Voyage Rerank (managed API). Voyage's reranker is another managed option with a similar API shape. The pitch is quality on specific domain benchmarks Voyage maintains, though as with any vendor benchmark, the honest move is to test on your own corpus rather than trust the leaderboard. Operationally similar to Cohere — you trade per-query cost for not running a model.
ColBERT and late-interaction models (research-leaning). ColBERT uses a middle-ground architecture: it encodes query and document separately like a bi-encoder but keeps per-token vectors, then computes a "late interaction" similarity that compares tokens across the two sides. This gets closer to cross-encoder quality at lower latency, but the index is much larger — you are storing per-token vectors per document, not one vector per document. For some teams, the storage tradeoff is worth it. For most, it is a research-flavored option that sits outside the usual cross-encoder vs. bi-encoder dichotomy.
The honest guidance: pick whichever you can ship fastest, evaluate on your own corpus, and treat reranker choice as reversible. Unlike an embedding model swap (which forces you to reindex), reranker swap is a call-site change.
Failure modes
Four anti-patterns worth flagging before you ship.
Adding a reranker to fix a recall problem. If your bi-encoder is not surfacing the right document in the top N, a reranker cannot help — there is nothing to rescue. This is the most common misdiagnosis. If top-50 recall is low, fix chunking, try a better embedding model, add hybrid search, or consider HyDE — reranking is the wrong layer.
Picking N by guessing. Teams often default to N=10 or N=20 because it sounds reasonable, then declare the reranker "didn't help." The reranker cannot reorder documents that were never in the candidate pool. Measure at N=50 and N=100 at least once before concluding anything.
Ignoring latency in production. Rerank latency adds to every query, not just the slow ones. If your end-to-end p95 budget is 800ms and your reranker eats 300ms, that is a hard constraint on the rest of the pipeline. Measure, budget, and be willing to reduce N to fit.
Treating reranker scores as truth. Cross-encoder scores are more accurate than bi-encoder scores, but they are not ground truth. They are another model's opinion. Evaluate the full pipeline with RAGAS, semantic search quality metrics, and user-facing outcomes — not by staring at rerank scores.
Our position
Five opinionated stances.
- Every serious RAG system should ship with a reranker. Bi-encoder-only retrieval has a known ceiling that a cross-encoder fixes for modest latency. The cases where it does not help (pure-recall failures, voice-latency systems) are the minority. If you are shipping to real users at production scale, rerank is part of the stack.
- Start with N=50, K=5, and measure. Any other starting point is a guess. These numbers fit most workloads, leave room to tune, and give the reranker enough candidates to work with. Adjust from data, not intuition.
- Reranker choice is reversible.

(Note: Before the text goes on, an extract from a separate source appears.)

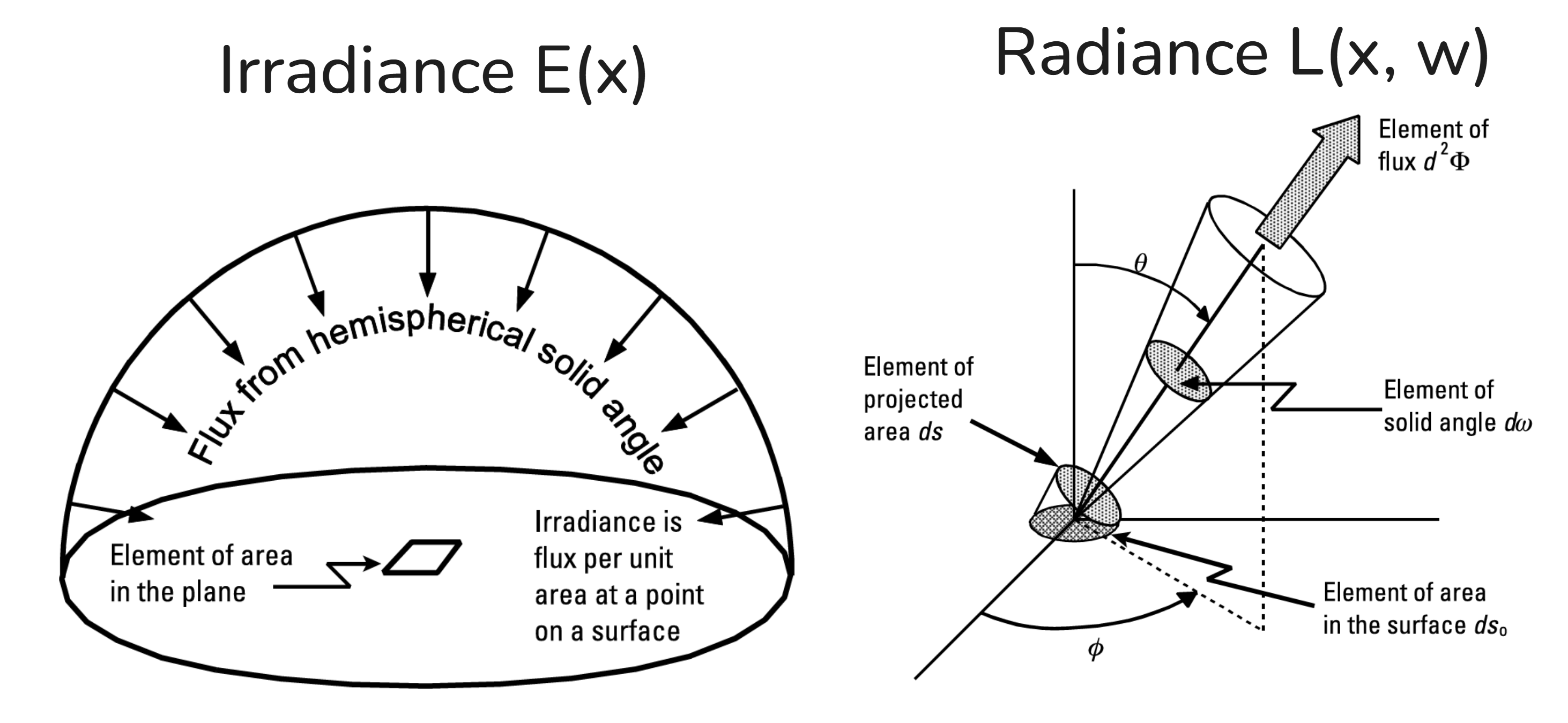- Radiance $L$,单位 $\frac{W}{\text{sr}\cdot m^2}$.

Embedding model choice is not. Spend your architectural care on the embedding and chunking layers — they force reindexes. Reranker is a call-site swap. Pick something reasonable, ship it, swap later if needed.

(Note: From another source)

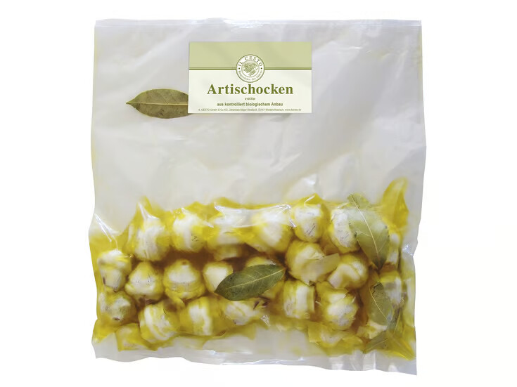 Artischocken* 81,1%, Rapsöl* 18% (kaltgepresst), Meersalz, Lorbeer*, Säureregulator: Zitronensäure, Antioxidationsmittel: Ascorbinsäure

- Evaluate reranking with downstream metrics, not rerank scores. Top-K recall, answer faithfulness, and user outcomes matter. Rerank score distributions are diagnostic, not a KPI. See RAGAS Evaluation for the full harness.
- Reranking is a context-engineering discipline, not a prompt trick. It shapes what the model sees, which is the whole game. Treat it as part of your context engineering maturity — see the Context Engineering Maturity Model for where rerank sits in the broader picture, and the Agentic Prompt Stack for how retrieval layers compose with agent loops.